I get the opposition to theory for the sake of theory. I really, really do. I have very little patience for people who don’t care at all about the accessibility of their work. but I have also gained a lot from conversations and reading that asked me to do some work beforehand. I think other people have probably benefited from my more sophisticated understanding, too. it’s not the only worthwhile thing but it’s one worthwhile thing.
I find the whole idea around being bullied for being nerdy rather…interesting? quaint? unusual? because growing up in Malaysia you were expected to be bookish, smart, nerdy. Those were the kids that got the top class, the most respect, the most privilege. The kids who didn’t do as well got fuck-all, and if you were a “smart kid” who rejected the favoured Science pathway to do Arts or Humanities (like me) you were even more vilified, though tides seem to be turning on that front THANK GOODNESS.
It could be a school-by-school thing - our school was hardcore in grades to the point that we were all dehumanised and reduced to test scores.
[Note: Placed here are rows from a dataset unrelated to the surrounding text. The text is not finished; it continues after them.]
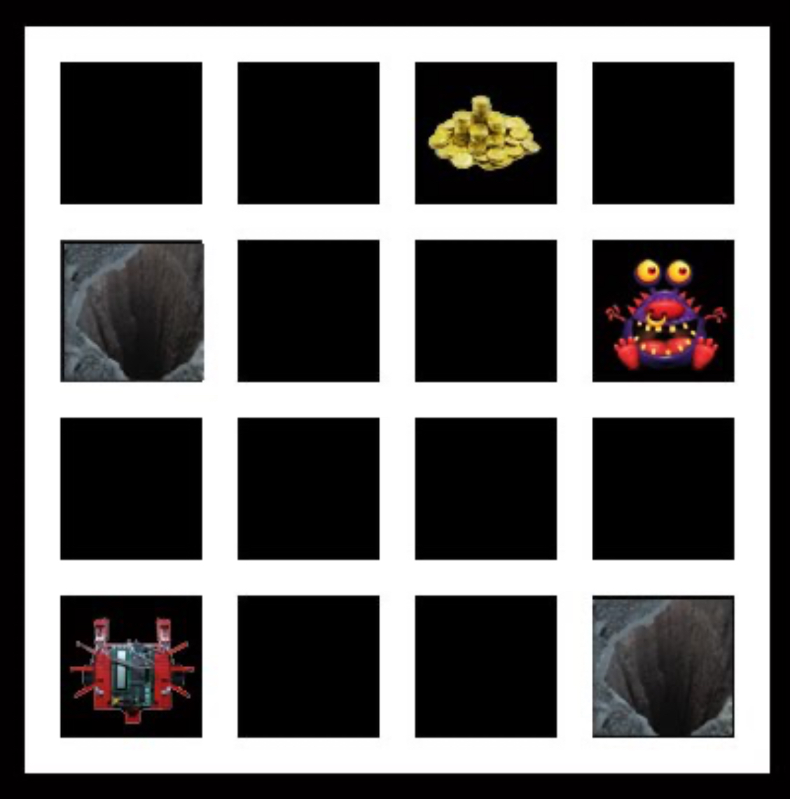 The Goal of this game is to navigate a robot equipped with one arrow around a 4X4 board in order to collect some gold and return to the starting position.
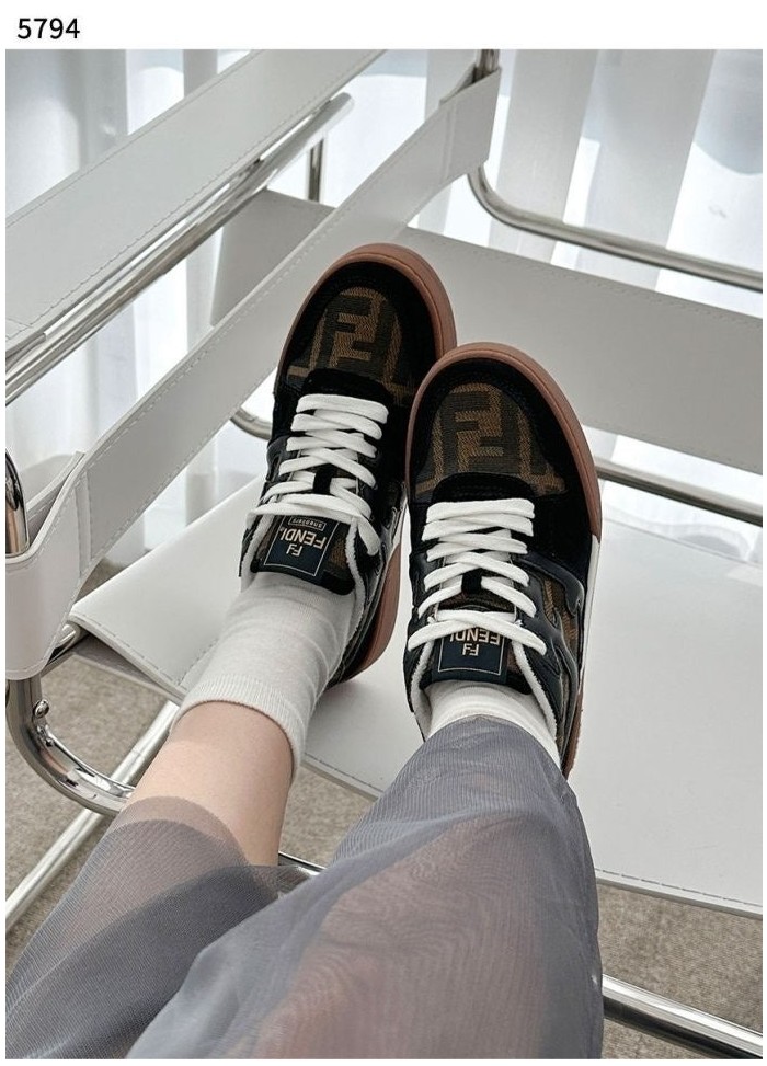펜디 매치 블랙 스웨이드 캔버스 로우탑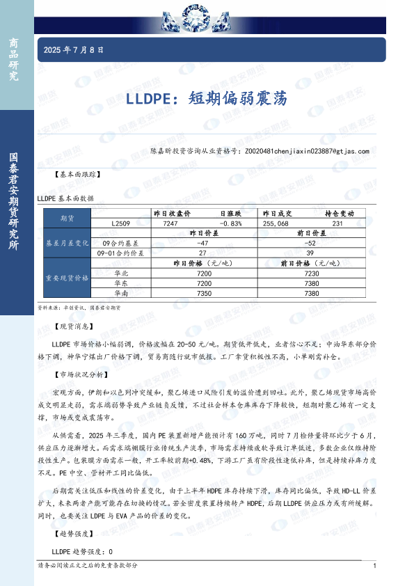 【国泰君安期货】【20250708】LLDPE:短期偏弱震荡-3页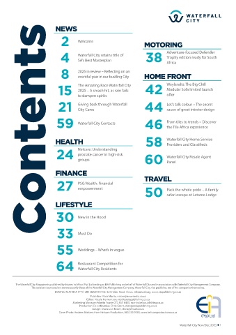 The Waterfall City Magazine is published by Estates in Africa (Pty) Ltd trading as EIA Publishing on behalf of Waterfall City and in association with Waterfall City Management Company.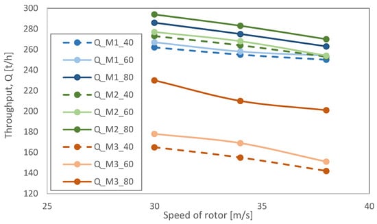 Results of throughput for various speeds of the rotor for materials M1–M3.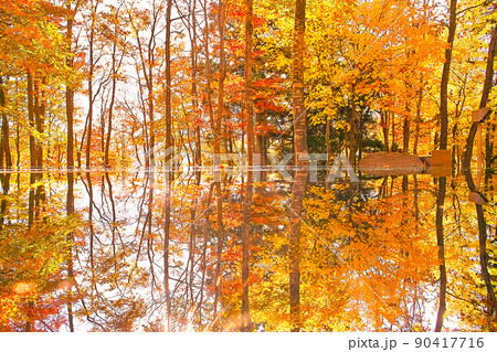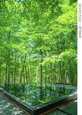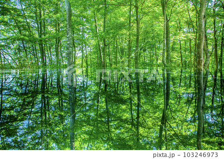 ステンレスの鏡に映る緑の葉が生い茂るブナの木々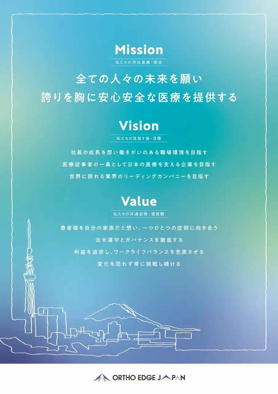 整形外科領域での国内売上トップシェアを誇る医療機器販売会社である、株式会社オーソエッジジャパン(本社:東京都中央区、代表取締役社長:田村 元志、以下、当社 )は、企業としての目指す姿や価値観を明確化することを目的に新たに「ミッション・ビジョン・バリュー(以下、MVV)」を策定しました。 |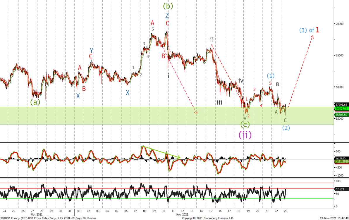 Current wave counts suggests that price will bounce again from $56k and form wave (3) upwards.

Also there weren’t really that many people who read or learnt or did nerdy things for the hell of it - it was all cramming for exams 24/7. Hobbies weren’t really encouraged; you were meant to dedicate your life to study.
I’m one of those people who does think a lot of academia is being dense and obtuse for no good reason other than to be dense and obtuse. It’s one of my biggest bugbears and the big reason I have not seriously considered further university study (even though opportunities have come up) - because here you’re rewarded for piling on as many vaguely-connected references as possible, people get good scores for overthinking the word “The” in a guide on nonfiction writing and claiming it a symbol of supremacy (no, seriously), and writing in a way that comes naturally to you isn’t welcome.
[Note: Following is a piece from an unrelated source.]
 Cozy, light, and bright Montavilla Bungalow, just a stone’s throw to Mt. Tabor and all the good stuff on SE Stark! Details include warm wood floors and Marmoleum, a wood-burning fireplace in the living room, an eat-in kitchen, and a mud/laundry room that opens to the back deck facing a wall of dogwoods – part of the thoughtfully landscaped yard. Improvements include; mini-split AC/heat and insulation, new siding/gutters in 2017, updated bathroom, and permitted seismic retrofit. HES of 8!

What if I don’t want to couch my words in academic jargon? What if I don’t really parse what overly-academic articles are saying? What if my work is better served by a partly grassroots style of communication?
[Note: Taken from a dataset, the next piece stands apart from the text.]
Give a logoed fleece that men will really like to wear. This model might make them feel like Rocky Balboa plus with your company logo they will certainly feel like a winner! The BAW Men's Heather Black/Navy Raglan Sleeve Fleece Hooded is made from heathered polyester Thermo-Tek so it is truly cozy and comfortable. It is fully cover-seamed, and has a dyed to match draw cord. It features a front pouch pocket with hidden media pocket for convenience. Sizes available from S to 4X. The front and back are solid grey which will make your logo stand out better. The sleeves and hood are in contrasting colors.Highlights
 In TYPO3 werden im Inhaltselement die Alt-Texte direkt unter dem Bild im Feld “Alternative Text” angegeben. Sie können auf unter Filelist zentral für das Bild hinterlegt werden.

Someone in one of these reblogs mentioned that the “you’re too intellectual!” insult tends to be levied at racial and sexual minorities because they’re trying to sound too uppity. I’ve noticed though that the opposite - placing a premium over language over anything else - has been used to alienate minorities too. I was friends with a group of girls, all of us foreign, all through uni, and so many times they’d have trouble understanding some concept or another. (I ended up being “translator”). They would have really sound, interesting, exciting arguments, but because they were a word off or what made sense to them in their native languages didn’t translate as neatly into Engilsh they’d lose points, especially under someone who doesn’t really have a coherant argument but can fake it through buzzwords.